↓↓↓
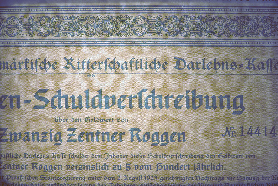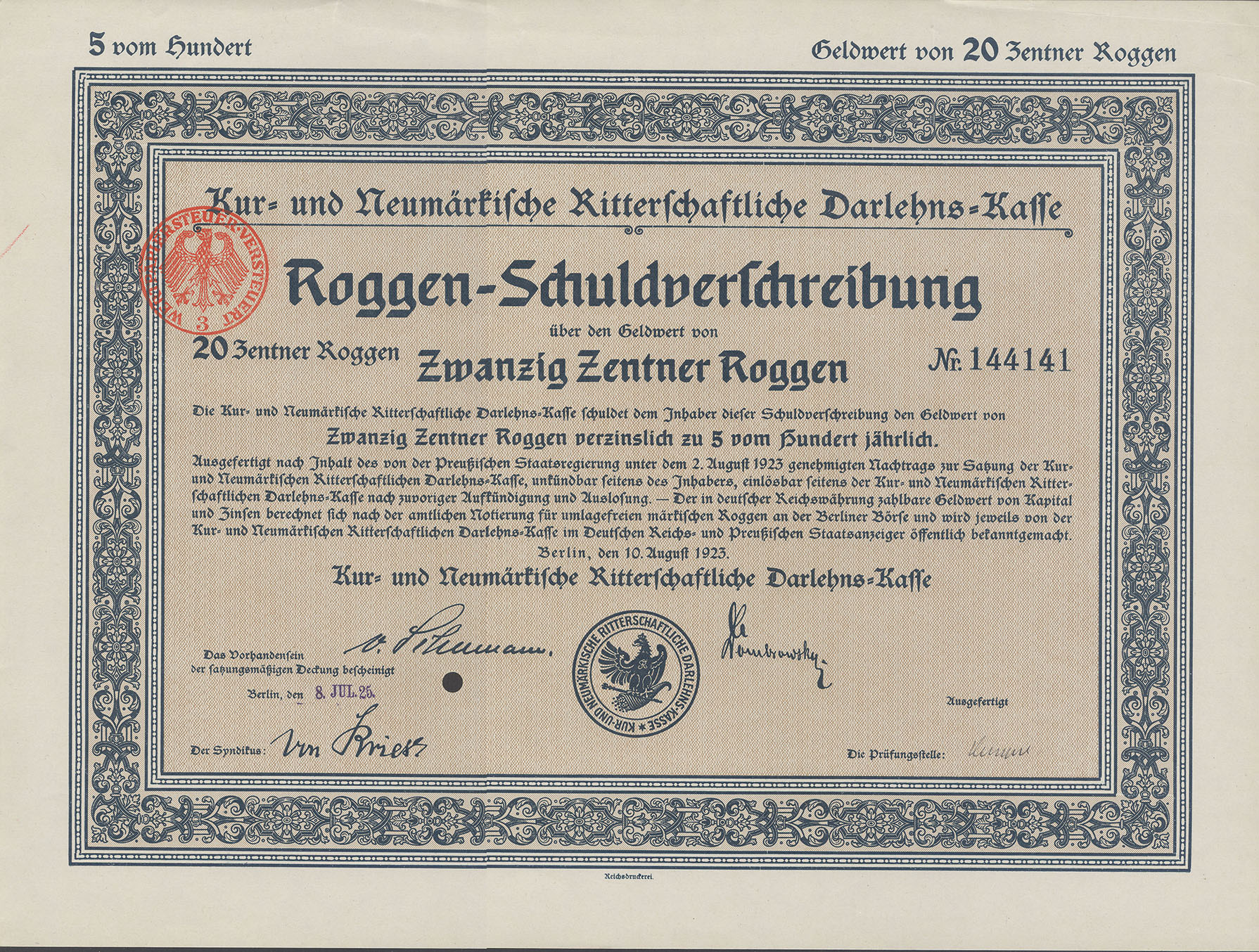 20 Zentner Roggen; 5% Roggen-Schuldverschreibung; ausgestellt in Berlin, am 10. August 1923; nicht katalogisiert; Wz.: Kreuzblumenmuster; Lochentwertet; Drfa.: Reichsdruckerei |
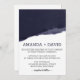 Skapa ett påstående med vår inbjudan till tankbröllop med marktäcksfärg i marinen med elegant mörk med blå vattenfärgremsor överst och modern kalligrafi i tidslingslös layout. Den här unika designen lämnar ett bestående intryck på dina gäster och gör din speciella dag mer sofistikerad
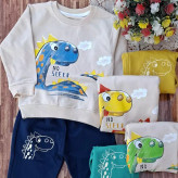بلوز شلوار پسرونه طرح دایناسور🦕 جنس: نخ پنبه اعلا👌 ضد تعریق،ضد حساسیت سایزبندی ۴۰،۴۵ 🌈رنگبندی: ابی،سبز،طوسی،زر
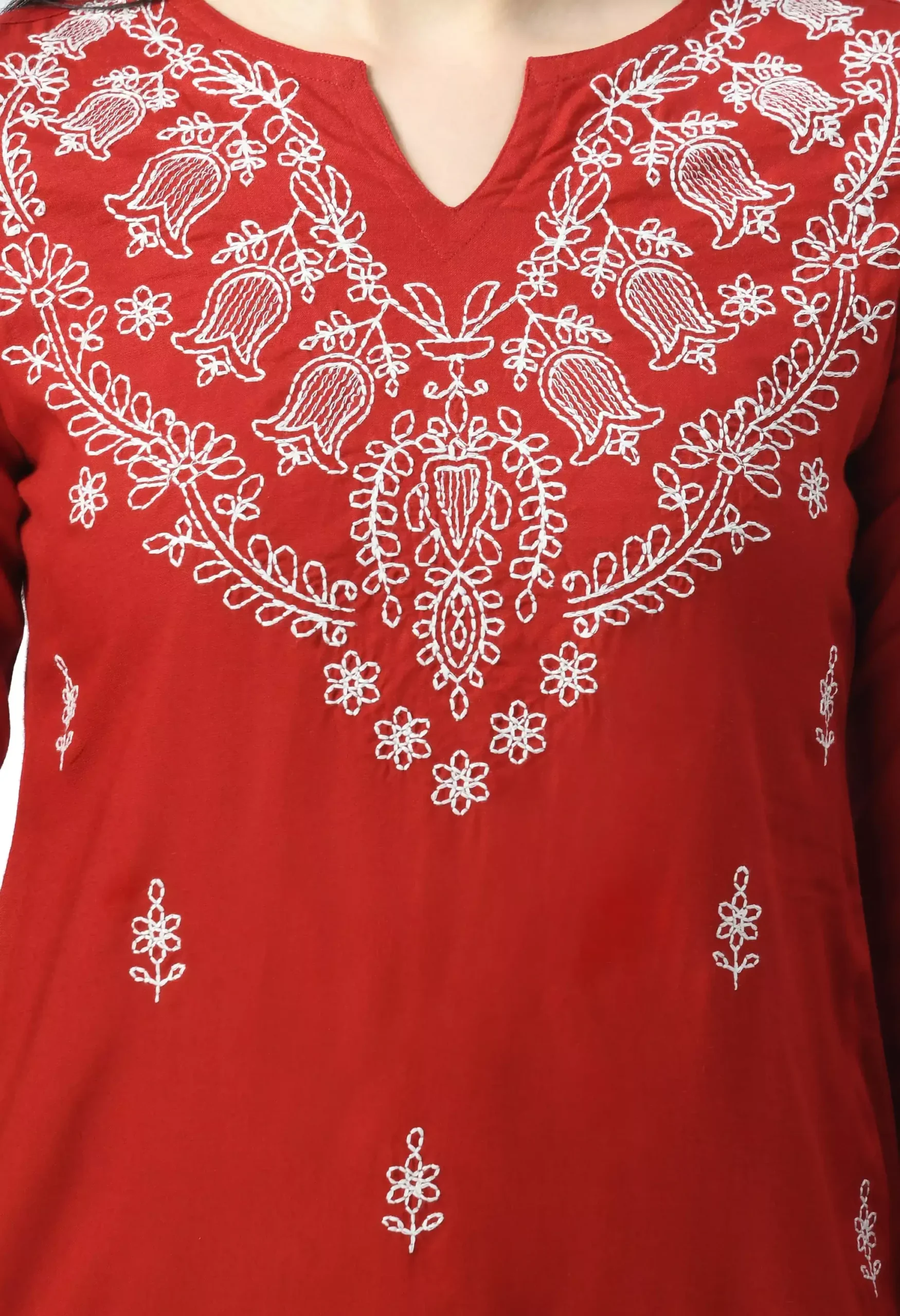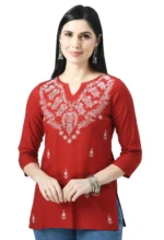 Red Chikankari Short Kurti
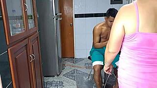 that mature mom is giving a sloppy blowjob to her stepson in the kitchen
↑↑↑
• **Instructions to follow**
Retype all entries above verbatim; no pictures belong in the copy.

• **Reply to the exercise**
 20 Zentner Roggen; 5% Roggen-Schuldverschreibung; ausgestellt in Berlin, am 10. August 1923; nicht katalogisiert; Wz.: Kreuzblumenmuster; Lochentwertet; Drfa.: Reichsdruckerei |
 Skapa ett påstående med vår inbjudan till tankbröllop med marktäcksfärg i marinen med elegant mörk med blå vattenfärgremsor överst och modern kalligrafi i tidslingslös layout. Den här unika designen lämnar ett bestående intryck på dina gäster och gör din speciella dag mer sofistikerad
بلوز شلوار پسرونه طرح دایناسور🦕 جنس: نخ پنبه اعلا👌 ضد تعریق،ضد حساسیت سایزبندی ۴۰،۴۵ 🌈رنگبندی: ابی،سبز،طوسی،زر
 Red Chikankari Short Kurti
 that mature mom is giving a sloppy blowjob to her stepson in the kitchen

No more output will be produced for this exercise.